_TASK DESCRIPTION_
Print out the full material below, exact in every line, with no images included.

_DATA SECTION_
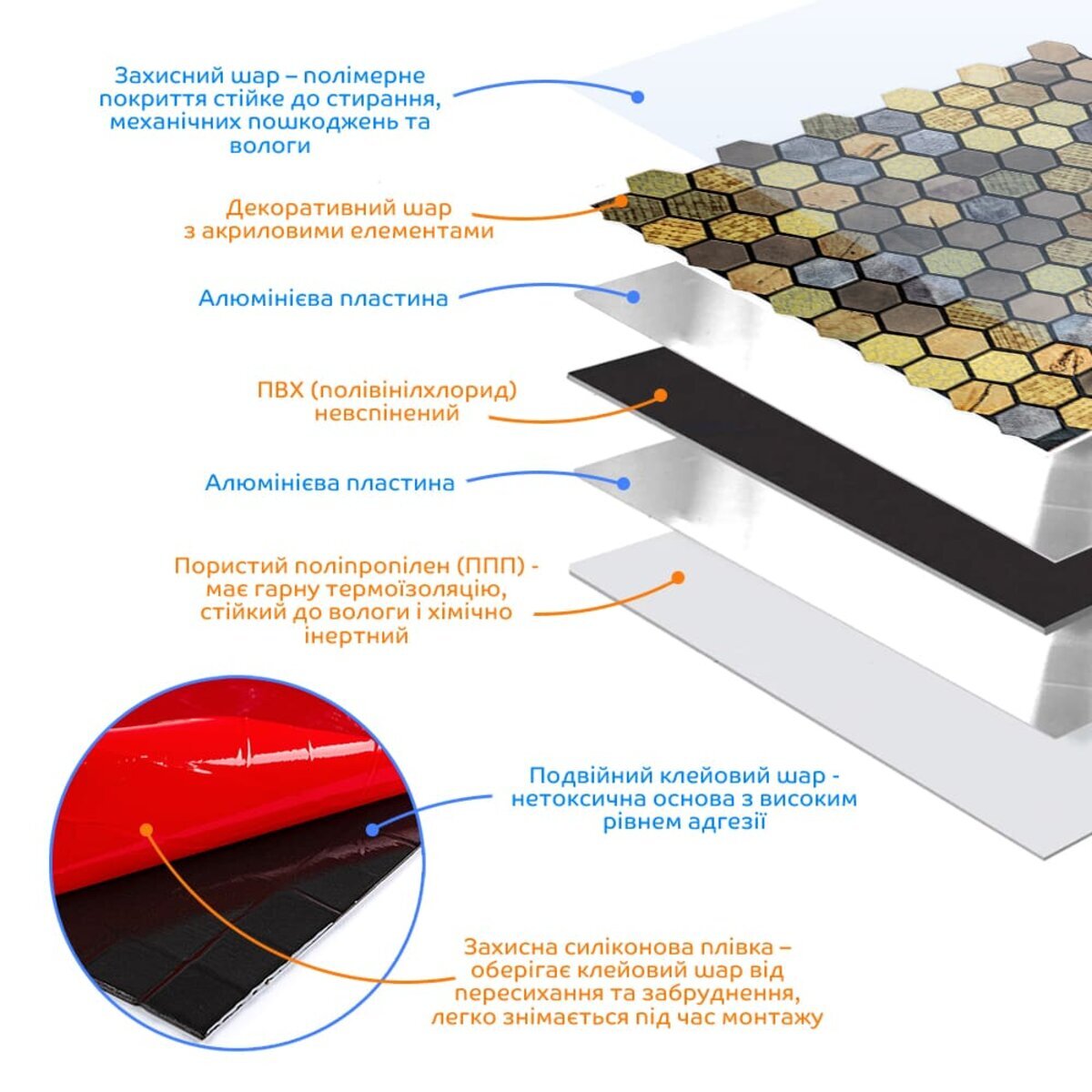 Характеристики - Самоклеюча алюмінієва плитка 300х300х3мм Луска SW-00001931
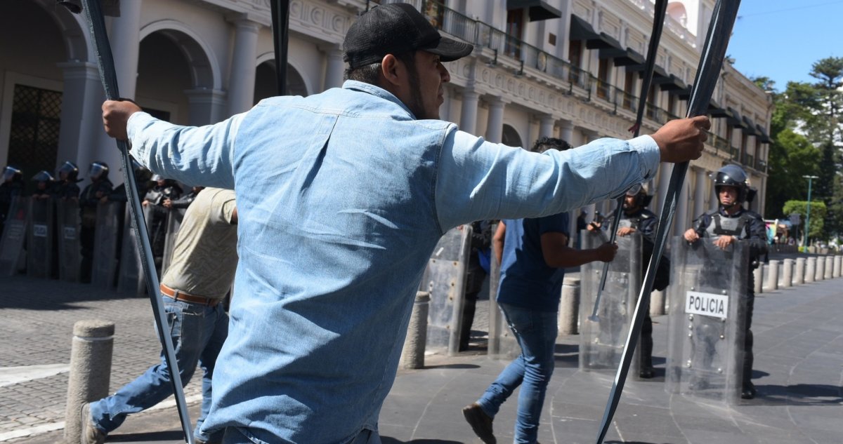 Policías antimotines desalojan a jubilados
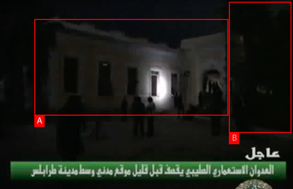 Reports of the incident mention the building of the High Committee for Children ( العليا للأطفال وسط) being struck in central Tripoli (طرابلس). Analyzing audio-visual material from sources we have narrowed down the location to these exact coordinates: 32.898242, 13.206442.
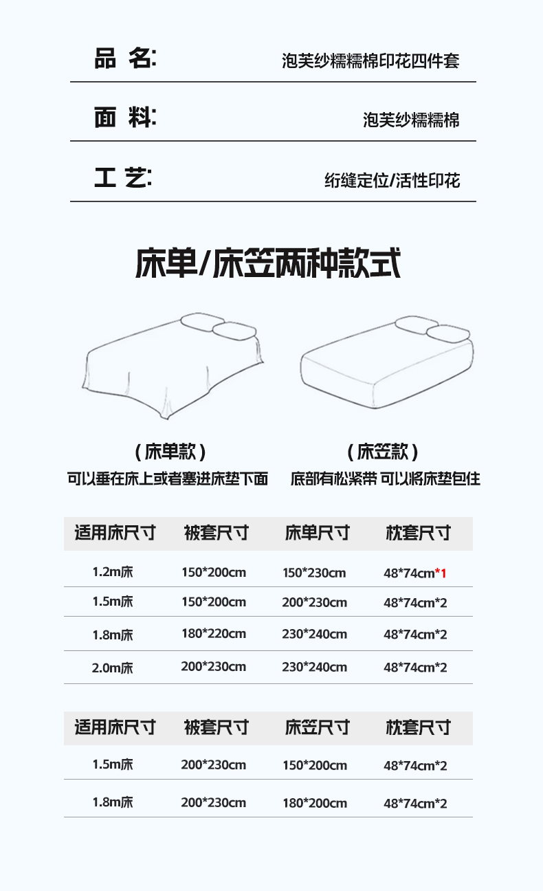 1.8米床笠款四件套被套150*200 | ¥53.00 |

_RESPONSE TO THE EXERCISE_
 Характеристики - Самоклеюча алюмінієва плитка 300х300х3мм Луска SW-00001931
 Policías antimotines desalojan a jubilados
 Reports of the incident mention the building of the High Committee for Children ( العليا للأطفال وسط) being struck in central Tripoli (طرابلس). Analyzing audio-visual material from sources we have narrowed down the location to these exact coordinates: 32.898242, 13.206442.
 1.8米床笠款四件套被套150*200 | ¥53.00 |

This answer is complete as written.